▸ TASK OBJECTIVE
Leave out the pictures and transcribe every entry below exactly.

INFORMATION SUPPLIED: Begin

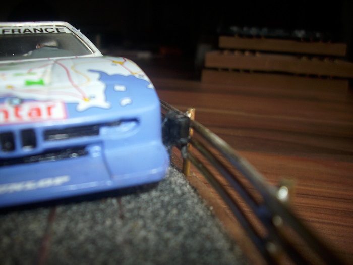 Einfach ein Stück originale Leiterbahn nehmen und am Schienenende ins Holz einlassen. Vorher den Leiter um 90grad nach oben falten und dann noch mal die flache Seite um 90grad zur Seite faltenum eine Kontakt-Auflagefläche für die geklebten Leiterbahnen zu bekommen. Schwierig zu erklären. Kann dir ein Foto vom Papierkmodell per Whatsapp schicken.
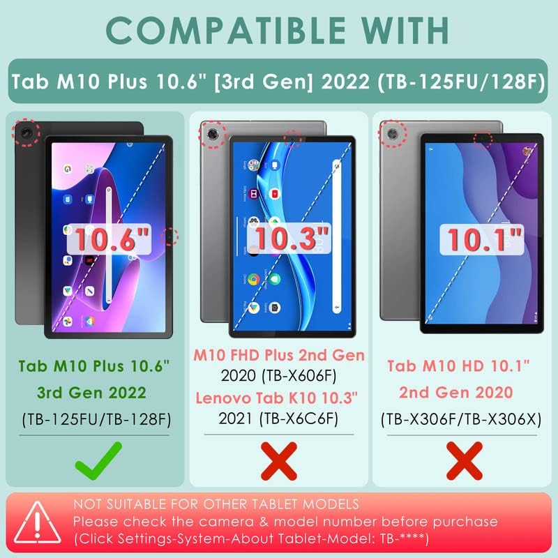 ?【COMPATIBILITY】- Heavy duty cover compatible with Lenovo Tab M10 Plus 3rd Gen 10.6 inch 2022 (Model: TB-125F/ TB-128F). ? [ATTENTION]: NOT FIT Tab M10 FHD Plus 10.3" 2nd Gen 2020 (TB-X606F/X) or other model tablets. ❤ [Warm Tips]: Please check the tablet model and camera position refer to the model compatibility image [2] before purchase (Click "Settings-System-About Tablet-Model") ?【3-LAYERS FULL BODY PROTECTION】- Funda para Lenovo Tab M10 Plus 3rd Gen case for kids combined of hard PC top frame bumper (NOT INCLUDE SCREEN PROTECTOR) + polycarbonate inner shell + soft silicone outer cover with corner protection design. This hybrid heavy duty shockproof Lenovo M10 Plus TB-125FU case provides total full body protection against scratches, shocks, fingerprints and dust ?【360 DEGREE ROTATING KICKSTAND】- Funda para Lenovo Tab M10 Plus 10.6" kids case for TB125FU could be swivelable adjusted to multiple angles and make your tablet works like a laptop, so it's perfect for typing or watching videos. Free your hands for other entertainments to avoid any joint pain. The kickstand also work as a portable handle ring or hanging on hook ?【SHOULDER STRAP】- Kids case for Lenovo Tab M10 Plus 3rd Generation come with a shoulder strap (length adjustable), it can be suspended in the car seat back for children watching safety. Lenovo M10 Plus 3rd Gen 10.6" protective cover shell with shoulder strap, it's convenient for adult or children to carry out for outdoor activities ?【MILITARY GRADE PROTECTION & AFTER-SALES SERVICE】- Lenovo Tab M10 Plus 2022 Case 10.6 inch heavy duty tablet cover enhanced drop protection with extra shock absorption to protect your precious device. ❤ If the product you've received is defective (not included man-made damage), don't hesitate to seek advice from us for replacement or refund
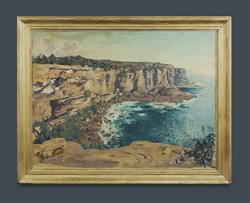 GRIEVE, Alan (1910-1970) 'Coastal Morning,' c.1956. Signed lower right. Old label verso. Wynne Prize Finalist, Art Gallery of NSW, 1956. Oil on Canvas on Board 91x121cmEstimate $500-800
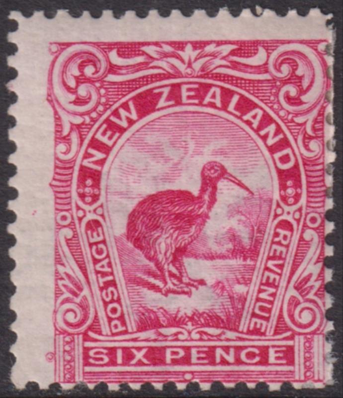 1908 6d Kiwi carmine-pink, reduced, p14 x 12¾-13¼, o/c to lower right. CP E15b. Cat $900. Mint. (Image)
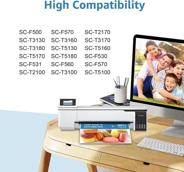 Compatible Printers: Compatible for SureColor SC-F500 SC-F530 SC-F531 SC-F560 SC-F570 SC-F571 SC-T2100 SC-T3100 SC-T3100N SC-T5100 SC-T5100N T2170 T3130 T3130N T3160 T3170 T3180X T3180D SC-T3180N T5130 T5160 T5170 SC-T5180N SC-T5180 Printers.
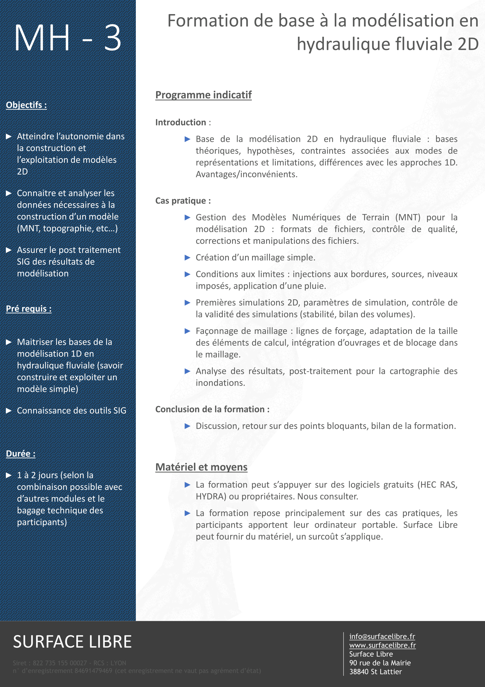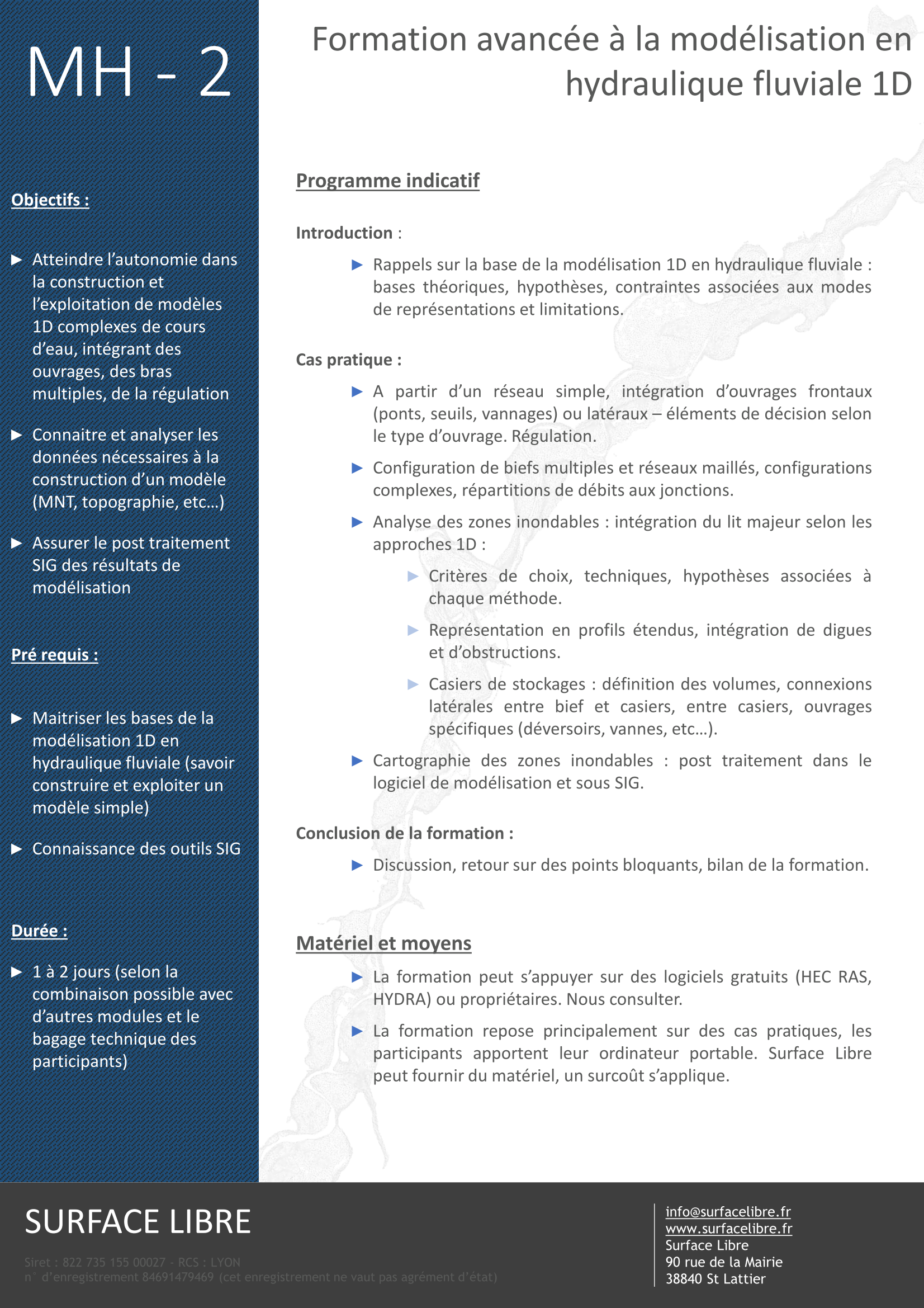 • Formation initiale à la modélisation en hydraulique fluviale ou urbaine :

INFORMATION SUPPLIED: End

▸ RESPONSE AREA
 Einfach ein Stück originale Leiterbahn nehmen und am Schienenende ins Holz einlassen. Vorher den Leiter um 90grad nach oben falten und dann noch mal die flache Seite um 90grad zur Seite faltenum eine Kontakt-Auflagefläche für die geklebten Leiterbahnen zu bekommen. Schwierig zu erklären. Kann dir ein Foto vom Papierkmodell per Whatsapp schicken.
 ?【COMPATIBILITY】- Heavy duty cover compatible with Lenovo Tab M10 Plus 3rd Gen 10.6 inch 2022 (Model: TB-125F/ TB-128F). ? [ATTENTION]: NOT FIT Tab M10 FHD Plus 10.3" 2nd Gen 2020 (TB-X606F/X) or other model tablets. ❤ [Warm Tips]: Please check the tablet model and camera position refer to the model compatibility image [2] before purchase (Click "Settings-System-About Tablet-Model") ?【3-LAYERS FULL BODY PROTECTION】- Funda para Lenovo Tab M10 Plus 3rd Gen case for kids combined of hard PC top frame bumper (NOT INCLUDE SCREEN PROTECTOR) + polycarbonate inner shell + soft silicone outer cover with corner protection design. This hybrid heavy duty shockproof Lenovo M10 Plus TB-125FU case provides total full body protection against scratches, shocks, fingerprints and dust ?【360 DEGREE ROTATING KICKSTAND】- Funda para Lenovo Tab M10 Plus 10.6" kids case for TB125FU could be swivelable adjusted to multiple angles and make your tablet works like a laptop, so it's perfect for typing or watching videos. Free your hands for other entertainments to avoid any joint pain. The kickstand also work as a portable handle ring or hanging on hook ?【SHOULDER STRAP】- Kids case for Lenovo Tab M10 Plus 3rd Generation come with a shoulder strap (length adjustable), it can be suspended in the car seat back for children watching safety. Lenovo M10 Plus 3rd Gen 10.6" protective cover shell with shoulder strap, it's convenient for adult or children to carry out for outdoor activities ?【MILITARY GRADE PROTECTION & AFTER-SALES SERVICE】- Lenovo Tab M10 Plus 2022 Case 10.6 inch heavy duty tablet cover enhanced drop protection with extra shock absorption to protect your precious device. ❤ If the product you've received is defective (not included man-made damage), don't hesitate to seek advice from us for replacement or refund
 GRIEVE, Alan (1910-1970) 'Coastal Morning,' c.1956. Signed lower right. Old label verso. Wynne Prize Finalist, Art Gallery of NSW, 1956. Oil on Canvas on Board 91x121cmEstimate $500-800
 1908 6d Kiwi carmine-pink, reduced, p14 x 12¾-13¼, o/c to lower right. CP E15b. Cat $900. Mint. (Image)
 Compatible Printers: Compatible for SureColor SC-F500 SC-F530 SC-F531 SC-F560 SC-F570 SC-F571 SC-T2100 SC-T3100 SC-T3100N SC-T5100 SC-T5100N T2170 T3130 T3130N T3160 T3170 T3180X T3180D SC-T3180N T5130 T5160 T5170 SC-T5180N SC-T5180 Printers.
 • Formation initiale à la modélisation en hydraulique fluviale ou urbaine :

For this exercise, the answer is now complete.